Mary nodded, and then, in the next lightning illumination, looked behind them.
“Oh, sweet Jesus.”
A solid wall of silt was flowing down the mountainside toward them. There was no hint now that there had ever been a road where they stood. It was as if some mammoth volcano had reared up within the mountain and spewed a hundred thousand tons of ash down on itself, obliterating everything. They could see, up the mountainside, by the light of now almost continual, thunderless lightning, a few weather-beaten tips of pine trees, but nothing else. The dust, like liquid, flowed with silent determination down the mountain, toward what had once been the road.
“Quickly,” Adam said, and this time he couldn’t hide the fear in his voice.
There was a broken stone path down the hollow to the cabin, already slicked with viscous silt. They half walk
ed, half slid their way down.
When they reached the front porch Adam saw with sinking hope how delicate and vulnerable the structure was. It was painted an odd dark color that might have looked quaint in summer sunshine but couldn’t hide the fragility of the place.
Above and around it loomed most of the mountain.
The door opened easily. Inside, it looked like some sort of summer weekend place, one large room outfitted with the barest of necessities: a wash sink, cupboard, a few sticks of furniture including a small table with four chairs. Everything was painted in dark colors. There was a low ceiling of unpainted boards, and a picture window that looked out on the mountain and where the road had been.
Mary closed the door, took hold of Adam’s arm and pointed through the window. There was awe and fear in her voice.
“Look.”
Where the wall of dust had been flowing determinedly toward them, covering everything, it had stopped short of the hollow they were in.
“There wasn’t any wall up there,” Adam stated.
“It’s almost as it if’s waiting,” Mary whispered.
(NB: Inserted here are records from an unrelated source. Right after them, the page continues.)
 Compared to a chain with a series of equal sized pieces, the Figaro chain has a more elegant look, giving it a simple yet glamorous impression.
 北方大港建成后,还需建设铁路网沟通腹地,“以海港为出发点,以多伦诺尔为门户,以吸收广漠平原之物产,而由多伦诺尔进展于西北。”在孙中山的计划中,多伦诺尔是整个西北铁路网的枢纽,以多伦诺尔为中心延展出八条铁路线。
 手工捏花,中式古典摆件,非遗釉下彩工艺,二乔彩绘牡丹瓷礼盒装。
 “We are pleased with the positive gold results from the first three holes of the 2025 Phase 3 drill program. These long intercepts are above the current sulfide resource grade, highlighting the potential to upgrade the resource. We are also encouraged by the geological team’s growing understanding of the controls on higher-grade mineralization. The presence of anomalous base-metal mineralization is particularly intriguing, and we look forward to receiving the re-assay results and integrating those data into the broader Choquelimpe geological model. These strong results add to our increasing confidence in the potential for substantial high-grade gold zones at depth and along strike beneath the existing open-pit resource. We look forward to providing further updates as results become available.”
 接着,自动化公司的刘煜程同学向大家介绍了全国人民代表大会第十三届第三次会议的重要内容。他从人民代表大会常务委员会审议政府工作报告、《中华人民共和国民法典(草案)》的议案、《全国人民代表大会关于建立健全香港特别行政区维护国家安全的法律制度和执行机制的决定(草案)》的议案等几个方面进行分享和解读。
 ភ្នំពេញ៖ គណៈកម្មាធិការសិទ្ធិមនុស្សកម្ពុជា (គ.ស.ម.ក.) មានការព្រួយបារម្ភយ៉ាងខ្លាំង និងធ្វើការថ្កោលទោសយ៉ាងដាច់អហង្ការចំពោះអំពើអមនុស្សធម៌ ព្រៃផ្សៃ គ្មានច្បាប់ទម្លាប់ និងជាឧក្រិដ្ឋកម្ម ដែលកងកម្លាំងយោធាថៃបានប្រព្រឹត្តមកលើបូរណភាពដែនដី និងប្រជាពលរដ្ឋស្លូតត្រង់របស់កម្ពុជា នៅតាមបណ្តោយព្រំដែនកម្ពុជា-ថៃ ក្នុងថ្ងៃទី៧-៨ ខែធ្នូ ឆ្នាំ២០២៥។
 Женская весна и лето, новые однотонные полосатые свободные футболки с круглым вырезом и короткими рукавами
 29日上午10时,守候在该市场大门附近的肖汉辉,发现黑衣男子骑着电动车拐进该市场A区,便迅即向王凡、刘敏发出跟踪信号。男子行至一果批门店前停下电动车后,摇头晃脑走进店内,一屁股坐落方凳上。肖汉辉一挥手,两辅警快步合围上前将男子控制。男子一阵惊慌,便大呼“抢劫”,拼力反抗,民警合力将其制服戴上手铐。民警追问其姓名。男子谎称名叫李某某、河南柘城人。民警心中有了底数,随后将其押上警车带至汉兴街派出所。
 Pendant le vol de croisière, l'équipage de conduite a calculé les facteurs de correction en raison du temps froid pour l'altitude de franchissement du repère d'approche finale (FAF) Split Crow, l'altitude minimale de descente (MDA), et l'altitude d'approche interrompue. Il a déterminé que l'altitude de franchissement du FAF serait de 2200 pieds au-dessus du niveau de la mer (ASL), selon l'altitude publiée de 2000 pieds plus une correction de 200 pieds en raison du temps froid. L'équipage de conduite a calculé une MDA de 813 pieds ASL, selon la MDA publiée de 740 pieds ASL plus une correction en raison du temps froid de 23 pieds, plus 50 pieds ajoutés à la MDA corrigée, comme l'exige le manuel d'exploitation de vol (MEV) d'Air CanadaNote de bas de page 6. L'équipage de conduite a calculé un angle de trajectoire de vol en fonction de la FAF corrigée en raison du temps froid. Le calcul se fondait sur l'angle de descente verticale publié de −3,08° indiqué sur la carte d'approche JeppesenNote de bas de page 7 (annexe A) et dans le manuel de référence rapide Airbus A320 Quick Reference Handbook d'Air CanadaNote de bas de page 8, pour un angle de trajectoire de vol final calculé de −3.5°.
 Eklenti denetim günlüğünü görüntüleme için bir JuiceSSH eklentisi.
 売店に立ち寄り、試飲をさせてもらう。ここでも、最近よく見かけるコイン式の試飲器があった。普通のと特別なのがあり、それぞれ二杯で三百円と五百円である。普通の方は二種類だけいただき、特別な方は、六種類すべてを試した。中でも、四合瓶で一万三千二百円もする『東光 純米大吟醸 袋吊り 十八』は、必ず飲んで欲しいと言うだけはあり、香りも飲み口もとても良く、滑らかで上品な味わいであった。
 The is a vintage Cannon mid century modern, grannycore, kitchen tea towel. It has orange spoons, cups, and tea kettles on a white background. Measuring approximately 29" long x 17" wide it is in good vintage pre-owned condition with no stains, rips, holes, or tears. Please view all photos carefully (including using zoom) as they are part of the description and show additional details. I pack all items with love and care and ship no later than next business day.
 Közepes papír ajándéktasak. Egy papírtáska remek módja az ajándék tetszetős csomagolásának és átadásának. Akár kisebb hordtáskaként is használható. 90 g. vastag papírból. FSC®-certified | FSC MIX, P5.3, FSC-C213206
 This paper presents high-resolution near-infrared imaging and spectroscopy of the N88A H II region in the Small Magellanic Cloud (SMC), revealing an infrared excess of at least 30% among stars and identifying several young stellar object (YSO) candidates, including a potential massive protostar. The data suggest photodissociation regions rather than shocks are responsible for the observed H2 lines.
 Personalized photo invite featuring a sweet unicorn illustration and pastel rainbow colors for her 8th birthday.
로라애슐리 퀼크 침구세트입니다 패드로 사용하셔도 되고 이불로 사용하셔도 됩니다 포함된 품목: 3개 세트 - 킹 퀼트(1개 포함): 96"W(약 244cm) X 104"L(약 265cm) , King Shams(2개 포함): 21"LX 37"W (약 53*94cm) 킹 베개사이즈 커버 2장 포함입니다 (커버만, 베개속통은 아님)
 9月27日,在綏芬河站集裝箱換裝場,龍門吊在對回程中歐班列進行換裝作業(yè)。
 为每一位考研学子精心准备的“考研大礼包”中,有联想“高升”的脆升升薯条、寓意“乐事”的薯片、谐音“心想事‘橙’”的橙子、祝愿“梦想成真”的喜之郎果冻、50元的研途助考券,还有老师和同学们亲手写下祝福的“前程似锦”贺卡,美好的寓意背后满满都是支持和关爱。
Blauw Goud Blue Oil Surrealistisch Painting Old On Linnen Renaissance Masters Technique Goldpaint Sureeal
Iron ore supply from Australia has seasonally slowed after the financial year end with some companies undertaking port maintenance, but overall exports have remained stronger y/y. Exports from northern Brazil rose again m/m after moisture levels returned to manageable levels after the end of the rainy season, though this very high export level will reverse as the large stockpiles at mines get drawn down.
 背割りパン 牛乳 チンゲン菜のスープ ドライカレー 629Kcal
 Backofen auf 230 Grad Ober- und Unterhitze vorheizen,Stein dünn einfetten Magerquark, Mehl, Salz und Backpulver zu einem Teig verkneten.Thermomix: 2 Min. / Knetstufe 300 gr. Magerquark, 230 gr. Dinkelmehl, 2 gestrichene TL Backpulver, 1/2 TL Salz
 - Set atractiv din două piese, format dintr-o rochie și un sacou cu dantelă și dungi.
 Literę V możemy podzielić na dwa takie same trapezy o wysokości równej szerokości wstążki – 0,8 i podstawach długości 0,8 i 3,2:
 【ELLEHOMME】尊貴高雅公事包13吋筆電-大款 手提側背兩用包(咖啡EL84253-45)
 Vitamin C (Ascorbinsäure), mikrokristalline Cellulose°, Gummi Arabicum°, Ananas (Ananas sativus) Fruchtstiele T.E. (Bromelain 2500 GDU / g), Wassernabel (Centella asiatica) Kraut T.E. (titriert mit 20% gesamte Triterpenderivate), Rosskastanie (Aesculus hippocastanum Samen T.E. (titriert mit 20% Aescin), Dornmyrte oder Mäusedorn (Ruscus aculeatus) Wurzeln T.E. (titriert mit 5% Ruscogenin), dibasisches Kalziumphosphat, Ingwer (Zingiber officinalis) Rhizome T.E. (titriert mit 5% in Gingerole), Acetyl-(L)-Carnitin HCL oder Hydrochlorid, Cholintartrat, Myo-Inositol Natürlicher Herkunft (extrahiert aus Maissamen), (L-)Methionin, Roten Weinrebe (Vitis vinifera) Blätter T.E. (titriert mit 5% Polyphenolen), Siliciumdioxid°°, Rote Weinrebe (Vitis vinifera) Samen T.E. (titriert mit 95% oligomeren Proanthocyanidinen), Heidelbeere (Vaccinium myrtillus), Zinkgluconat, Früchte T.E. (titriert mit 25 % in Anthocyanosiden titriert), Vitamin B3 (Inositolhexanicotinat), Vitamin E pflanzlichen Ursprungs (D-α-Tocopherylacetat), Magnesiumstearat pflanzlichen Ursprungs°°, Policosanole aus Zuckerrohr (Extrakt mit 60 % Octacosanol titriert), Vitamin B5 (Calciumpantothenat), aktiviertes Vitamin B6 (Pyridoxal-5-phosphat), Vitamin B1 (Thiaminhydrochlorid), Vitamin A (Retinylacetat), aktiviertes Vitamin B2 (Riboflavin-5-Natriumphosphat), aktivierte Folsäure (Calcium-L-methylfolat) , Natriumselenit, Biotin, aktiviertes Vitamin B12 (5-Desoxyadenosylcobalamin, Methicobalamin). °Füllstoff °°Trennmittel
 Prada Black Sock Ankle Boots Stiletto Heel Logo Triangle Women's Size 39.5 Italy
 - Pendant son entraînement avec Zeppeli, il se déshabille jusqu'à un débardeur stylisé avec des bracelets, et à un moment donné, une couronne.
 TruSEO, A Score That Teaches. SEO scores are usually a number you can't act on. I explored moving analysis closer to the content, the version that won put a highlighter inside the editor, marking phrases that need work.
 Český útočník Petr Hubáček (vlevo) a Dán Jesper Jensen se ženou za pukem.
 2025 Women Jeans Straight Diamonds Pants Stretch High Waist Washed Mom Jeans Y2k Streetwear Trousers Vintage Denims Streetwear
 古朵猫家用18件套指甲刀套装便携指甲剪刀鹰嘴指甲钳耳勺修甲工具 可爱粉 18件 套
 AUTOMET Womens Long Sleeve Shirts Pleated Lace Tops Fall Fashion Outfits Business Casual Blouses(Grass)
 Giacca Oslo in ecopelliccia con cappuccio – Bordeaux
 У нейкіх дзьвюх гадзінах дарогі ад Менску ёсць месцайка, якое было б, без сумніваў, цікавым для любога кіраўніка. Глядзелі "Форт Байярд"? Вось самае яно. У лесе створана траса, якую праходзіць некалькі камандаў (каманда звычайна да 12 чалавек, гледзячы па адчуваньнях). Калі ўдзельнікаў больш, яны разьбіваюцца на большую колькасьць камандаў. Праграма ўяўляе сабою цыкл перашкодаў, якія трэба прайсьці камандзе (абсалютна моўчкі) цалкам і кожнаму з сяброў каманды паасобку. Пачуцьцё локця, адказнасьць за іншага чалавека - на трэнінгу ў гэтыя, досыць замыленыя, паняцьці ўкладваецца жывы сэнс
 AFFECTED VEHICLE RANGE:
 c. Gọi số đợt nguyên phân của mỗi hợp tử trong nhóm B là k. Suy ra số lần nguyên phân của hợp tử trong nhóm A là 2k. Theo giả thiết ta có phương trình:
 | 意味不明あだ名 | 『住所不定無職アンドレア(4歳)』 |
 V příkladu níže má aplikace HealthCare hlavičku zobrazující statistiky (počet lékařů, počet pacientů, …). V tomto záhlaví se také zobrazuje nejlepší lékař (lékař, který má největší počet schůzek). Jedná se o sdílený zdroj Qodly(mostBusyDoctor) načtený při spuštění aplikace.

They heard a loud creak and felt the cottage shudder.
~ * ~
Night came on, and stayed. The dust storm beat without mercy against the cliffs, drove in whistling tornados around the hollow. Intermittently, lightning flashed, without sound. By its light, they could see the wall of dust at the base of the mountain, hanging over them.
Inside, the small family, in the half-light of candles Mary had found in a cupboard, waited for sunrise.
“It sounds like it won’t ever end,” Adam said. He glanced furtively out the front picture window.
Mary stared at him without speaking.
The wind picked up with renewed fury, blowing its dry, moaning burden of dust against the fragile structure.
“I wish to hell daylight would come,” Adam said.
His wife moved the blankets closer around the two children, who lay side by side on the cabin’s single bed. They slept fitfully, their young minds drifting in and out of reality. “Mommee…” Cindy said suddenly, half asleep, then sank back into unconsciousness with a fitful breath.